#### Data shown

════════════════════

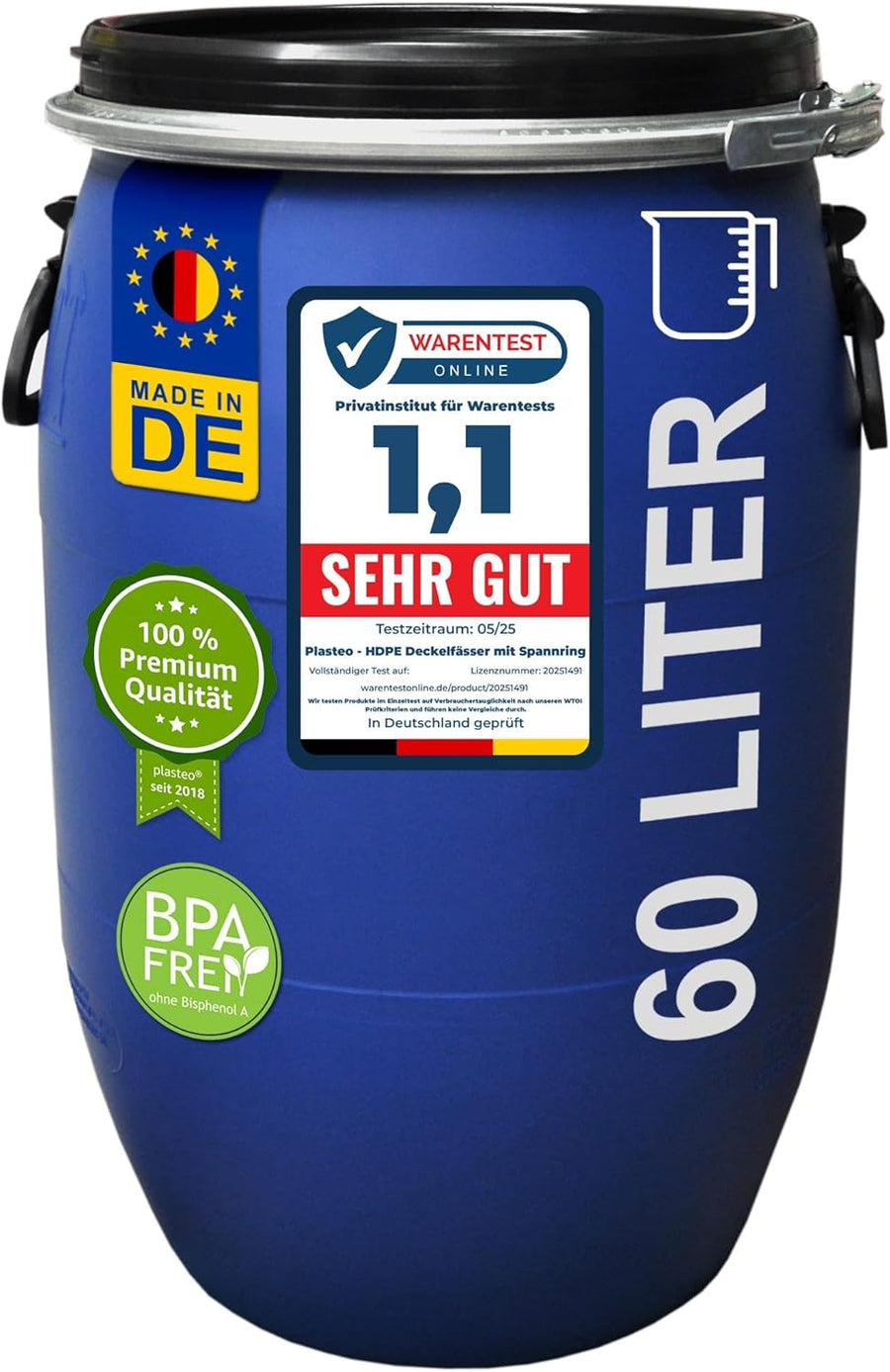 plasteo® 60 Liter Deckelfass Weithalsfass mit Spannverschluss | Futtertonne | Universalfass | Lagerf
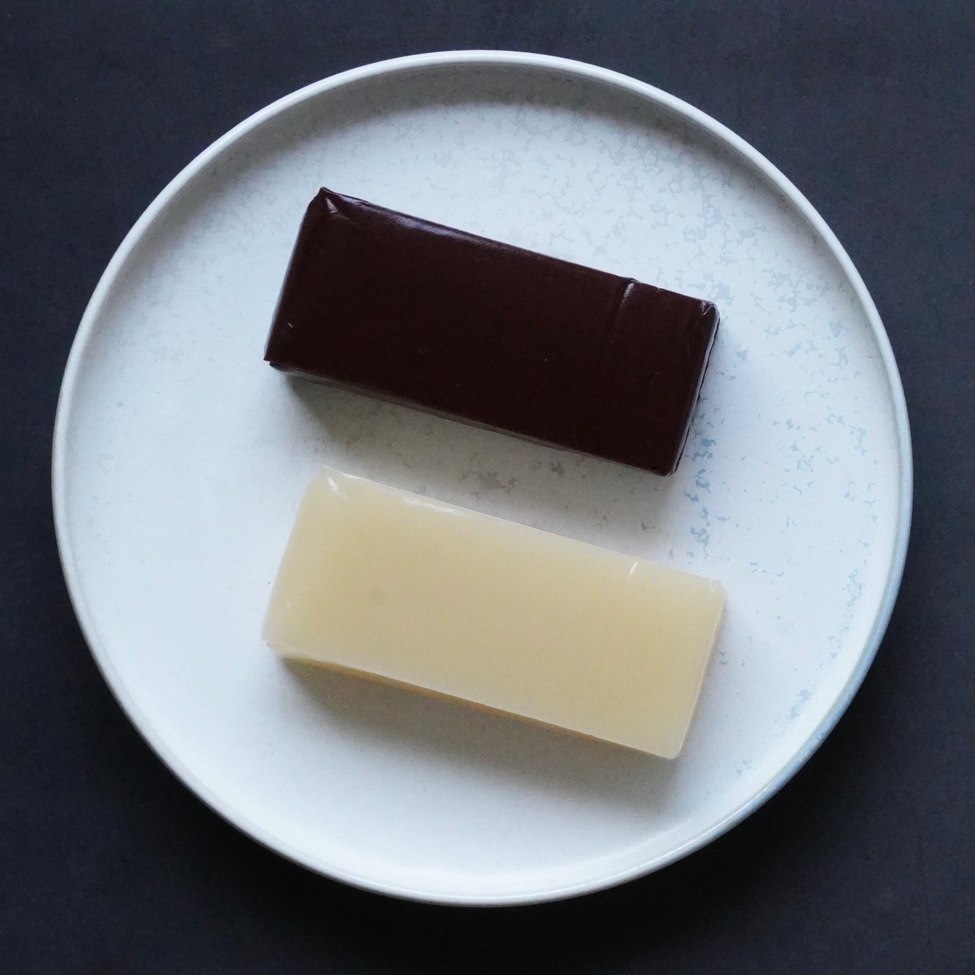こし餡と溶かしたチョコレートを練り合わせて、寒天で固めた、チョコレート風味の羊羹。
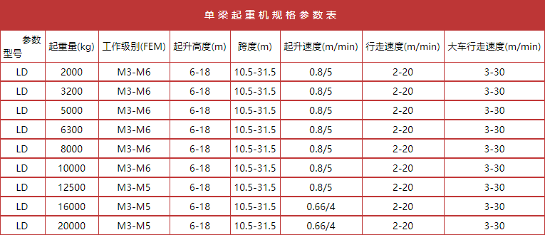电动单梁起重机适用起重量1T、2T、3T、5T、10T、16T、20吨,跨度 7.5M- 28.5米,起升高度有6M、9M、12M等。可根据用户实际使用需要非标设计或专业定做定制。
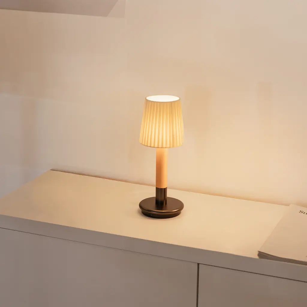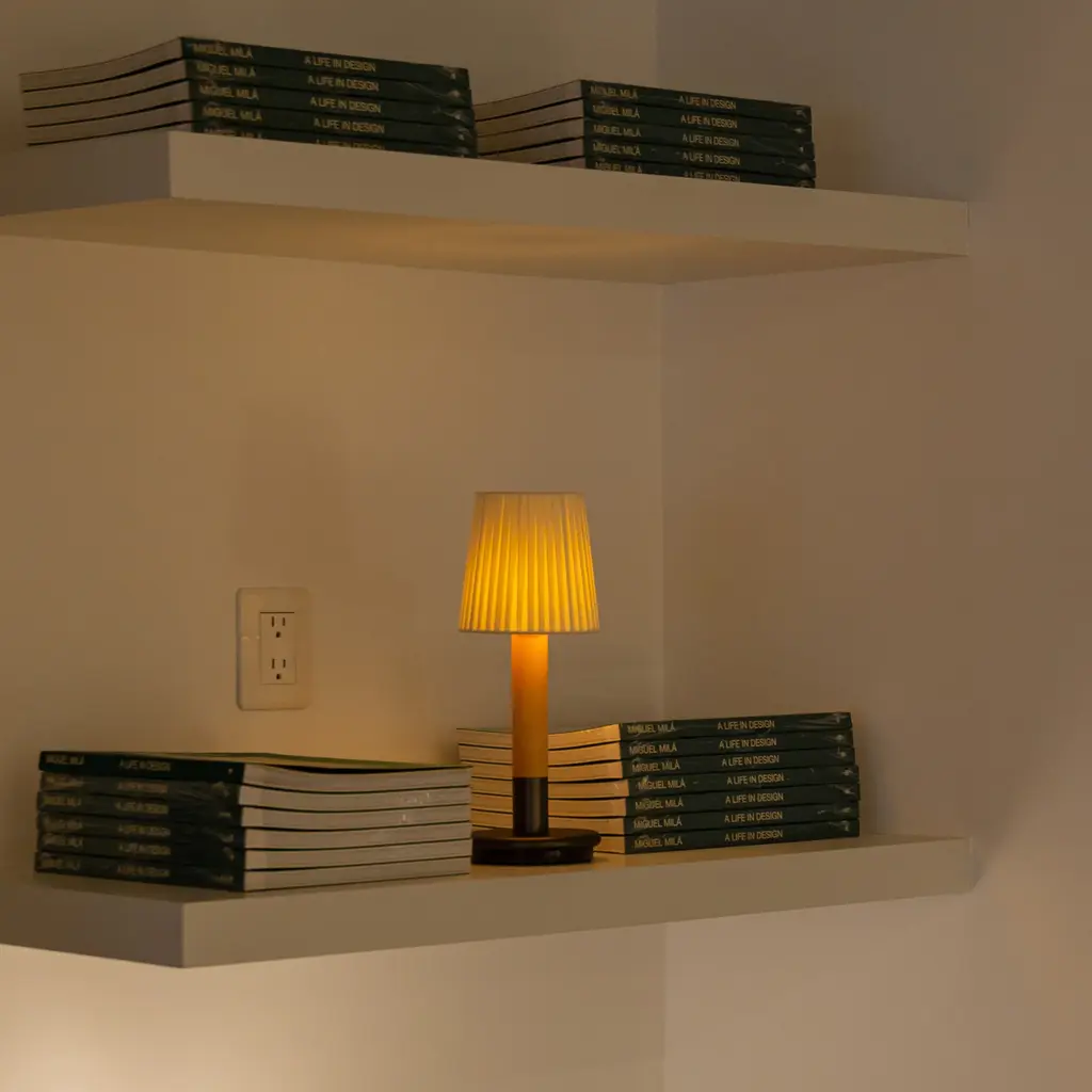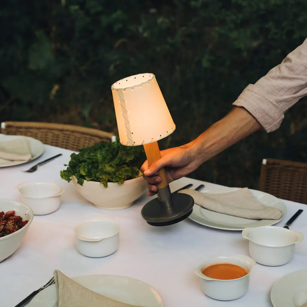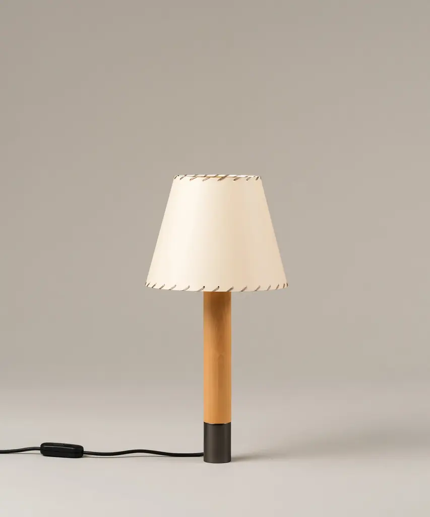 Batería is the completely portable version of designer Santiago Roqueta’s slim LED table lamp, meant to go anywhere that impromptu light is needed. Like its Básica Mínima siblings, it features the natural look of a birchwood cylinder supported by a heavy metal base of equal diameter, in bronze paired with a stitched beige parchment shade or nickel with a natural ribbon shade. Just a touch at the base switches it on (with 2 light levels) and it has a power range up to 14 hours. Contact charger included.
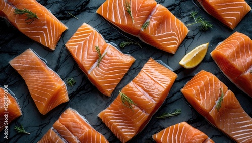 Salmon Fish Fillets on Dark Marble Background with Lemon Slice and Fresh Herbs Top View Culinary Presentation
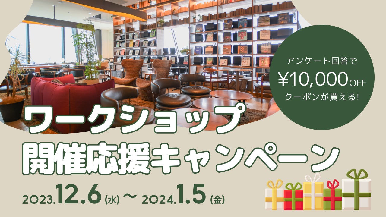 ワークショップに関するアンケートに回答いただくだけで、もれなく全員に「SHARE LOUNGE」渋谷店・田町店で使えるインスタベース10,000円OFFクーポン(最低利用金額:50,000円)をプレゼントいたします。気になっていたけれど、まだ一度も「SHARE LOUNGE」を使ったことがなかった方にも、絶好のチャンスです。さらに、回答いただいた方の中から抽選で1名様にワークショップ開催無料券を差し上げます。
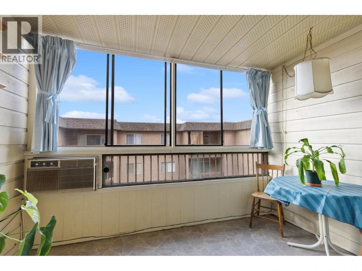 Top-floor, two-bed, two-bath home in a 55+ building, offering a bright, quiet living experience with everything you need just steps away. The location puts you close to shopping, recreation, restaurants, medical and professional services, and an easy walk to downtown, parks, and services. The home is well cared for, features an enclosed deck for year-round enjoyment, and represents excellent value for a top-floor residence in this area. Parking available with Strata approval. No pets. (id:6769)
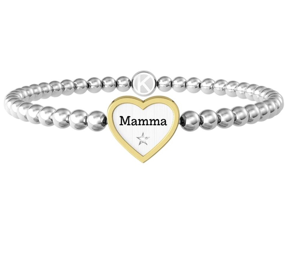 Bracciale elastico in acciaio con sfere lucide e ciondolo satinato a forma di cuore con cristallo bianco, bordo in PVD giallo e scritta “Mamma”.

════════════════════

#### Your task
The records above are to be retyped exactly, with every picture left out.

#### Task output
 plasteo® 60 Liter Deckelfass Weithalsfass mit Spannverschluss | Futtertonne | Universalfass | Lagerf
こし餡と溶かしたチョコレートを練り合わせて、寒天で固めた、チョコレート風味の羊羹。
电动单梁起重机适用起重量1T、2T、3T、5T、10T、16T、20吨,跨度 7.5M- 28.5米,起升高度有6M、9M、12M等。可根据用户实际使用需要非标设计或专业定做定制。
 Batería is the completely portable version of designer Santiago Roqueta’s slim LED table lamp, meant to go anywhere that impromptu light is needed. Like its Básica Mínima siblings, it features the natural look of a birchwood cylinder supported by a heavy metal base of equal diameter, in bronze paired with a stitched beige parchment shade or nickel with a natural ribbon shade. Just a touch at the base switches it on (with 2 light levels) and it has a power range up to 14 hours. Contact charger included.
 Salmon Fish Fillets on Dark Marble Background with Lemon Slice and Fresh Herbs Top View Culinary Presentation
 ワークショップに関するアンケートに回答いただくだけで、もれなく全員に「SHARE LOUNGE」渋谷店・田町店で使えるインスタベース10,000円OFFクーポン(最低利用金額:50,000円)をプレゼントいたします。気になっていたけれど、まだ一度も「SHARE LOUNGE」を使ったことがなかった方にも、絶好のチャンスです。さらに、回答いただいた方の中から抽選で1名様にワークショップ開催無料券を差し上げます。
 Top-floor, two-bed, two-bath home in a 55+ building, offering a bright, quiet living experience with everything you need just steps away. The location puts you close to shopping, recreation, restaurants, medical and professional services, and an easy walk to downtown, parks, and services. The home is well cared for, features an enclosed deck for year-round enjoyment, and represents excellent value for a top-floor residence in this area. Parking available with Strata approval. No pets. (id:6769)
 Bracciale elastico in acciaio con sfere lucide e ciondolo satinato a forma di cuore con cristallo bianco, bordo in PVD giallo e scritta “Mamma”.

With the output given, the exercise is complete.